February 10, 2014Print : Sports
SOCHI, Russia: Irene Wust upset defending champion Martina Sablikova of the Czech Republic to win the women’s 3,000 metre Olympic title on Sunday and hand the Dutch their second speedskating gold of the Sochi Games.
Wust clocked four minutes, 0.34 seconds over the seven-and-a-half laps at the Adler Arena in the 13th of 14 heats to eclipse the previous best mark set by Sablikova by 1.6 seconds.
Olga Graf, skating in the 10th heat and roared on by a passionate home crowd, finished a surprise third with a time of 4:03.47 to give hosts Russia their first medal of the Sochi Games.
Graf punched the air in delight upon realising her time but her expression turned to slight embarrassment shortly after as she unzipped her suit to the waist before suddenly realising and grabbing the zip edges to protect her modesty.
That mark was first beaten by Sablikova, wearing eye catching gold blades, and the slight Czech threw her hands in the air upon crossing the line with a strong finish.
Snowboarder Jenny Jones secured Britain’s first-ever Olympic medal on snow on Sunday when the 33-year-old took bronze in a nerve-shredding slopestyle final.
“It’s ridiculous! That’s me! That’s me! From Bristol!,” a jubilant Jones told reporters when informed of her feat.
American Jamie Anderson took gold with a mighty 95.25 with Finland’s Enni Rukajarvi was second on 92.50 but nobody else was able to dislodge Jones from her podium spot.
The British bronze medal winner’s snowboarding odyssey has taken her from an inauspicious start on a dry slope in Churchill to an Olympic podium finish.
“I started snowboarding when I was about 16, 17, at Churchill Dry Slope. I had my first half-hour lesson with my brothers,” she told a news conference.
“I didn’t learn much but I enjoyed it. I decided to go and work as a chalet maid so that I could snowboard more often.”
In a tense final full of thrills and spills — including a helmet cracked in a heavy crash by Czech Sarka Pancochova — Jones, second on the start list, made a beautifully clean second run to move into the lead with a score of 87.25.
She then faced an agonising wait as she watched the next 10 competitors try to take it away from her.
“It was so difficult waiting. I thought I did my best run and landed it as best as I could,” she said.
All Britain’s previous Winter Olympic medals have come in events such as figure skating, bobsleigh and skeleton.
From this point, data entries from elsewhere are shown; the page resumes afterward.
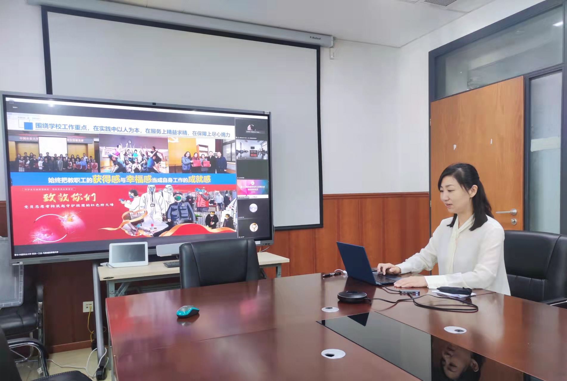 为引导广大教育系统工会组织和工会干部在新时期不断加强和创新职工之家建设,有效激发基层工会活力,北京市教育工会于2021年6月-10月组织开展了2021年北京市教育工会先进教职工小家的推荐展示活动。北京大学工会首先推选校内优秀模范工会,再参加全市范围统一评比。评比过程中,国际关系学院工会副主席霍艳丽老师作为代表进行汇报展示。学院工会主席闫岩老师、副主席霍艳丽老师事先做了精心准备,把学院工会近年来的工作,通过五分钟的PPT进行了完美地展示,并播放了学院教职员工的视频短片,内容详实、图文并茂、精彩纷呈,给评委和全市工会代表留下了深刻的印象,顺利通过考核评选。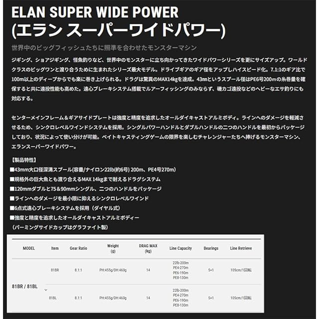 商品名:《新品未開封》テイルウォーク (Tailwalk) ベイトリール ELAN SUPER WIDEPOWER (エラン スーパーワイドパワー) 81BL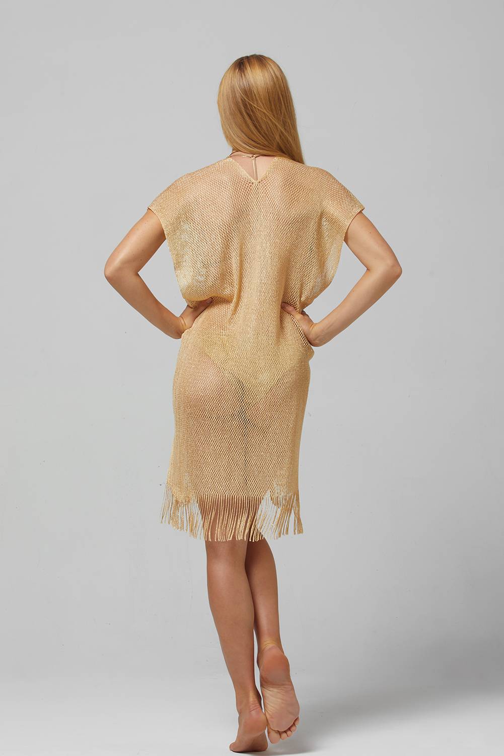 Les caractéristiques du poncho court de Plage doré à franges sont les suivantes :

Alain Baxter did win a bronze in the men’s slalom in the 2002 Games but he was stripped of the medal for a doping offence.
Switzerland’s Dario Cologna picked the perfect time to rediscover his fitness and form as he surged to victory in a protest-hit cross-country skiathlon.
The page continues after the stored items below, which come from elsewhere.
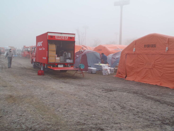 (大槌町に派遣された豊中市の消防隊:写真は豊中市役所提供)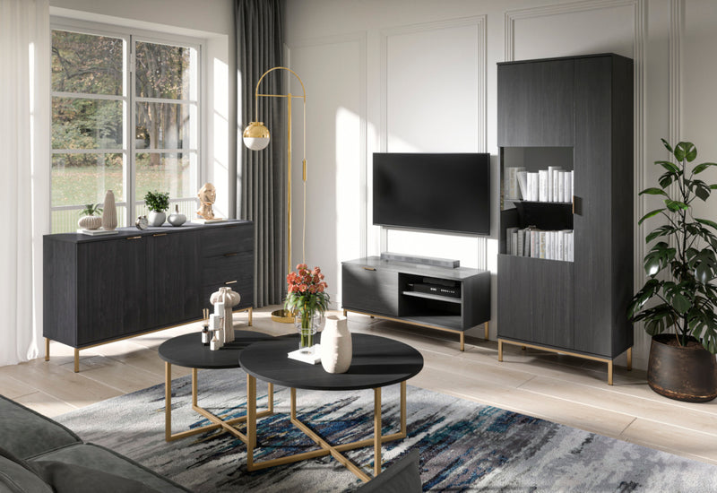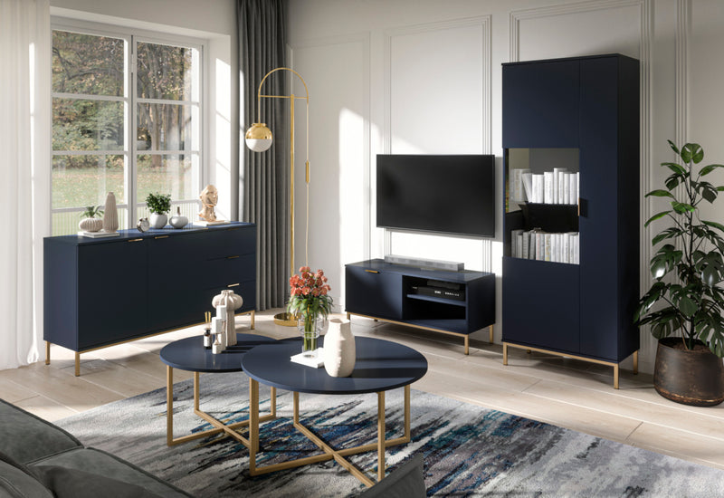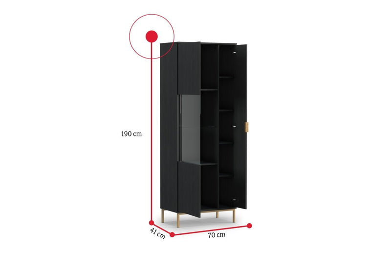 Vitrína MULA. Zaujme jednoduchými líniami moderného štýlu. Je vyrobená z kvalitných materiálov, ktoré sú opatrené ABS hranou. ABS hrana chráni pred mechanickým poškodením a vlhkosťou. Stabilitu a vzdušnosť zaistia vyššie kovové nohy. Čiastočne presklené dvierka sa otvárajú pomocou systému PUSH TO OPEN, plné dvierka majú úchytku v zlatej farbe. Vďaka svojmu vzhľadu nájde miesto v každom interiéri. Možnosť voľby z dvoch dekorov.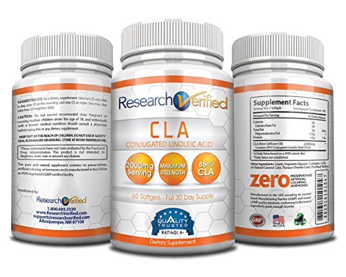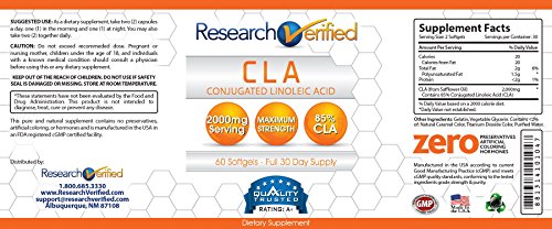 RESEARCH VERIFIED MEETS CRITERIA OF CLINICAL STUDIES AND DR OZ - Research Verified CLA contains the same properties and formulation used in the clinical study and recommended by Dr. Oz: Each capsule of Research Verified CLA contains 85% Standardized Conjugated Linoleic Acid; no fillers, binders or any other extra ingredients; serving size of 2000mg per day (1000mg capsule, 2x per day); 100% pure.Feature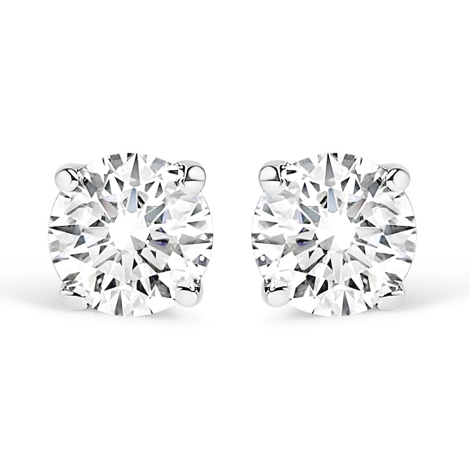 Crafted in 14K white gold with two round brilliant-cut diamonds totaling 3/4 carat (H-I color, SI1-SI2 clarity). Pushback closure with notched friction posts for sizes under 1.0 carat; screw back for sizes 1.0 carat and up.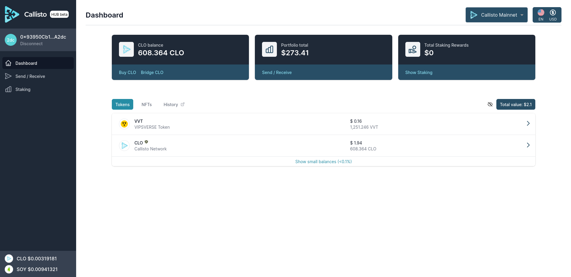 Callisto Hub allows users to easily view their assets, including cryptocurrencies and NFTs, and track their balances in real-time, when they are also able to trade NFTs with peer to peer mechanism. Additionally, the platform enables users to send any token to another address, and includes an address book feature for added convenience. Moreover, Callisto Hub provides users with the ability to manage Callisto Cold Staking, a unique feature of the Callisto Network that allows users to earn rewards by staking their Callisto (CLO) coins.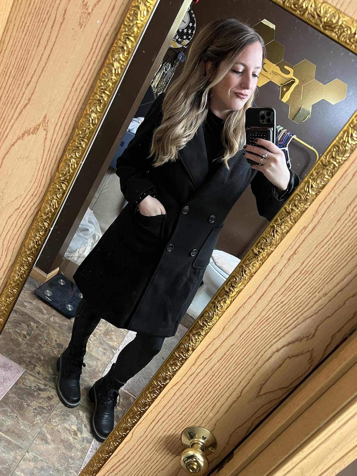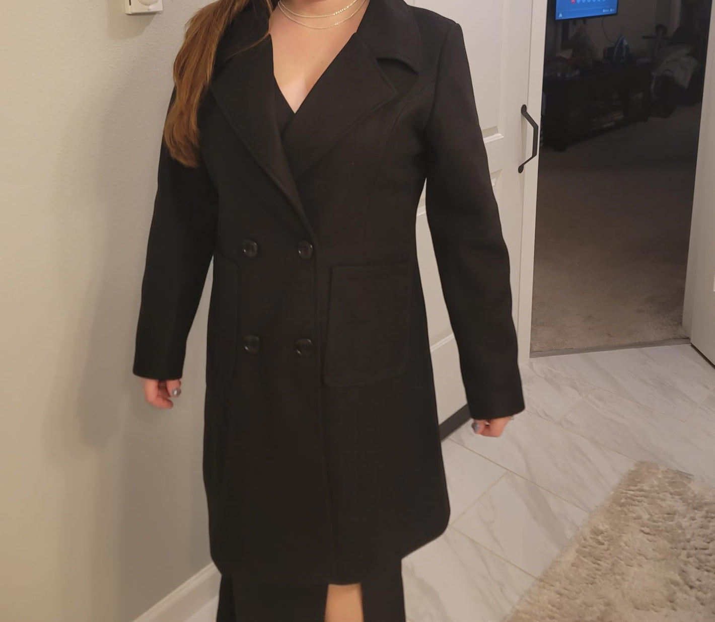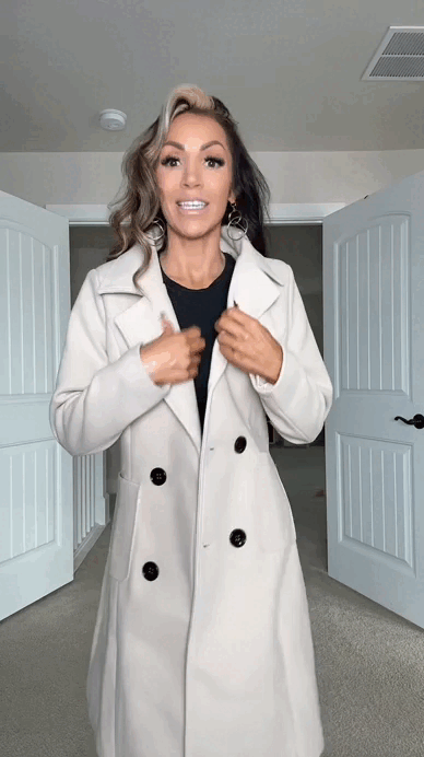 The coat runs true to size and feels soft, structured, and comfortable. Its wool-blend fabric and smooth lining provide the perfect balance between warmth and lightweight wear. For layering thicker sweaters, consider sizing up for extra comfort.

Cologna, who earlier this week was still walking with a splint on an injured right ankle, attacked with less than a kilometre left in the 30km race to finish ahead of Swede Marcus Hellner.
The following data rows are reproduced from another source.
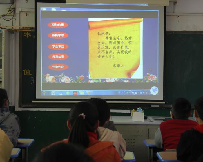 “生命是顽强的,因其顽强,我们就应该敬畏生命,战胜挫折;生命也是脆弱的,因其脆弱,我们就应该呵护生命,保护自我;生命是宝贵的,我们就应该珍惜生命,珍爱时光。” 沈老师那抑扬顿挫的语气,深入浅出的讲解,让人无比回味:我们小学生一定要上好生命教育第一课:认识生命,欣赏生命的丰富和可贵;用心经营生命,思考生命的方向。最后沈老师号召全体学生要善于悦纳自我,要积极思维,要学会求助,要分享生命故事,要承诺生命约定。同学们听后自发站起,举起右拳,用真诚的心情大声诵读:“尊重生命,热爱生命,面对困难,积极乐观……”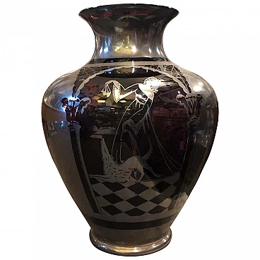 Un enorme vaso Art Déco prodotto in Italia negli anni Trenta del Novecento. Il vetro viola e l'argento sono in perfette condizioni.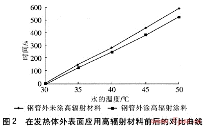 測(cè)試平臺(tái)如下:一個(gè)長(zhǎng)600mm、寬600mm、高480mm的鐵皮箱,外表覆蓋保溫棉,內(nèi)部以石英加熱管作為熱源,在石英加熱管外部套上鋼管,鋼管受熱后,加熱旁邊的水杯。采用兩種測(cè)試方案,第一種方案是在鋼管外部涂刷高輻射材料,記錄杯中水的溫升隋況,另一種方案是鋼管外部不涂刷高輻射材料,杯內(nèi)放同樣質(zhì)量的水,記錄水的溫升情況。多次測(cè)量后,取平均值。在發(fā)熱體外表面應(yīng)用高輻射材料前后的對(duì)比曲線見(jiàn)圖2。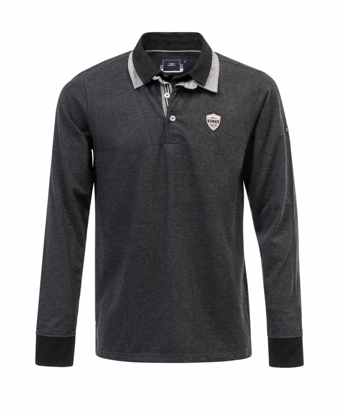 Sweat noir chiné pour homme. Col polo. Visuel exclusif. Ecusson sur la manche gauche et écussion sur le torse coté coeur. Jersey lourd 60% coton 40% polyester 310 gsm. Ce polo bien chaud vous permettra de passer l’hiver sereinement.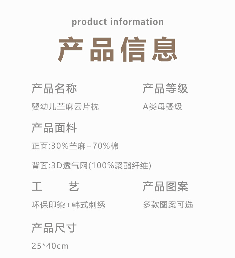 婴幼儿苎麻云片枕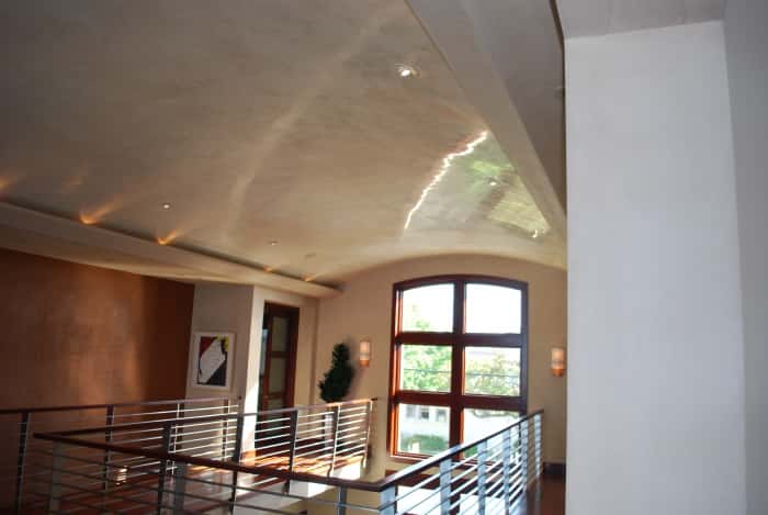 Exterior work consisted of lath, scratch, and brown coats, mesh and base crack suppression system, and architectural foam finished with Vero Antiqua Venetian plaster. Venetian plaster also applied to interior of the home. Approximately 15,000 sq. ft. of Venetian plaster applied during project.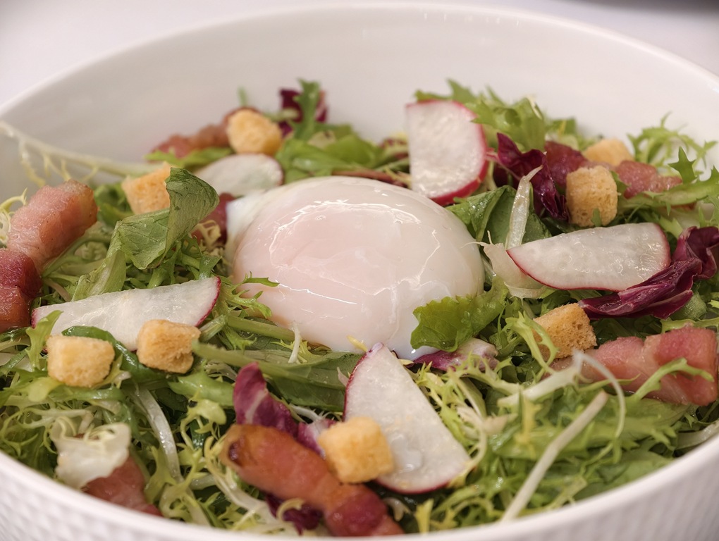 主菜前的里昂沙拉,是最能讓人放鬆的一道。酥脆的培根、焦香的麵包丁與微苦的法式綠捲萵苣構成了沙拉的主體,溫泉蛋的蛋黃緩緩流下時,讓視覺與味覺同步轉換。

Norway’s overall World Cup leader Martin Johnsrud Sundby pipped Russian Maxim Vylegzhanin in a scramble on the line for bronze, prompting the Russian team to file a protest against the result, claiming that Sundby has cut across his opponent.
The protest was rejected but the International Ski Federation (FIS) said in a statement that Sundby had been given “a written reprimand for a corridor rules infraction”.
“I was tired by the end of the race and I had fog in my glasses,” the Norwegian told a news conference.
“Maybe I left my line a little bit but I don’t think it changed anything. I’m sorry about that.”
Russia, however, are likely to appeal the decision.
“The Russian Olympic Committee wants to appeal before the Court of Arbitration for Sport,” Russian ski federation president Elena Vyalbe said in a statement on the Russian Olympic team website.
Cologna, the 15km freestyle Vancouver Olympics champion, sustained an ankle injury while jogging just before the season started and returned to the World Cup circuit last weekend.